But in actuality, the main protagonist of this week’s parashah is not Jacob; it is not Ya’akov at all; it is his mother, Rivkah – she is the central actor, driving the plot, and given when this text was written – thousands of years ago – we can see this as a revolution in women’s rights for it’s time.
First, while the parashah says it is beginning with Isaac and his generations, it quickly turns to Rebecca. She runs the family, undertaking the task of determining how God’s choice will be enacted. She is the one who ensures that God’s blessings go the way that the Divine tells her they should.

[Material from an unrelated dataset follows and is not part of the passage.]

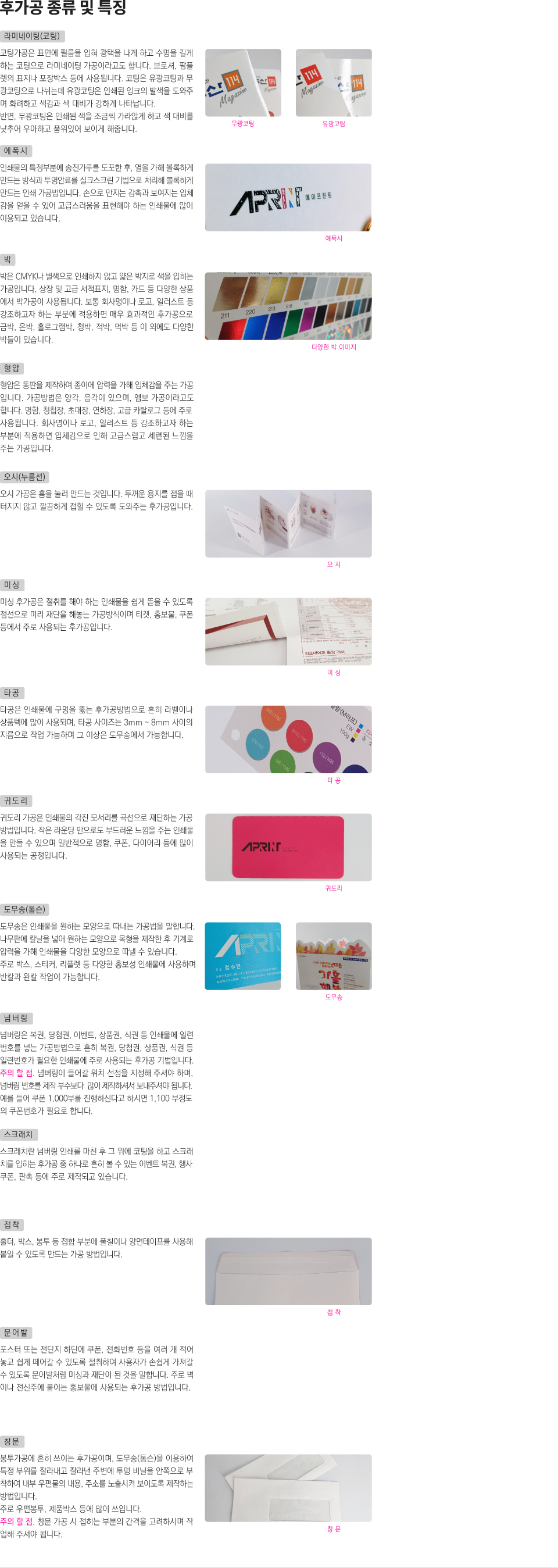 후가공 종류 및 특징

While Isaac has the formal authority to bless, she is the one who chooses who gets blessed in the final verdict, substituting one son for the other – against her husband’s wishes.
That’s the real power behind the throne.
But it’s not just that, listen to how the parashah opens – we actually are given an insight into how Rebecca is thinking – that is something that is rarely done with men, let alone women, in the biblical narrative. As she feels the pain of her twins pressed against each other and against her womb, she thinks to herself: “lamah zeh anokhi – If this is so, why do I exist?” (Gen 25:22)

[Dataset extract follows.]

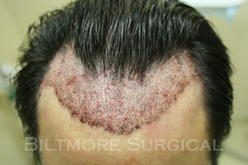 This patient is 1 yr post op. He received 2170 grafts in the frontal third and has done very well.

This demonstrates a real ability to be self-reflective, a fairly unusual quality among most biblical characters – male or female. And things get even more remarkable as she then seeks out the Divine for assistance, as the Torah relates: “Vateilekh lidrosh et-Adonai – she went to inquire of Adonai.”
What does this mean? It’s not perfectly clear. Many of the classical rabbinical commentaries tried to play this down, claiming that Rebecca did not have direct experience of God, that was some kind of mediated experience. But that is not my reading of the words. It says “she went to inquire of God.”

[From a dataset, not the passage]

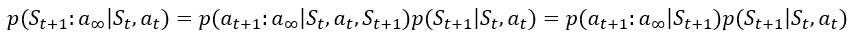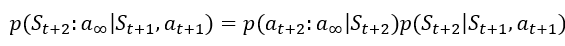 이를 반복하면 $p(S_{t+1}:a_{\infty}|S_t,a_t)=p(S_{t+1}|S_{t},a_{t})p(a_{t+1}|S_{t+1})p(S_{t+2}|S_{t+1},a_{t+1})p(a_{t+2}|S_{t+2})...$이 되게 되는데,

And God answers her: telling her she has two nations in her womb!
There are other mothers in the Tanakh, in the Hebrew Bible, who are told of their sons’ futures, including Hagar and Samson’s mother. And yet, it is still striking how she is given so much inside information, which Isaac is never told. She knows what has to be done and that drives the entire narrative. When viewed through that lens, her behavior appears to be less problematic than at first glance; she is not simply a parent playing favorites, but someone who has been given a glimpse into the Divine Will, and is doing her best to carry out the Cosmic plan, as strange as that might sound to our modern ears.
Fascinatingly, the spotlight does not leave her – even as she gives birth. As the Torah states in its most rare form: “When the time came for her to give birth, lo – she had twins in her belly!” (Gen 25:24) Again, the focus is on her experience of childbirth – a fairly infrequent occurrence in ancient texts that were dominated by the male experience.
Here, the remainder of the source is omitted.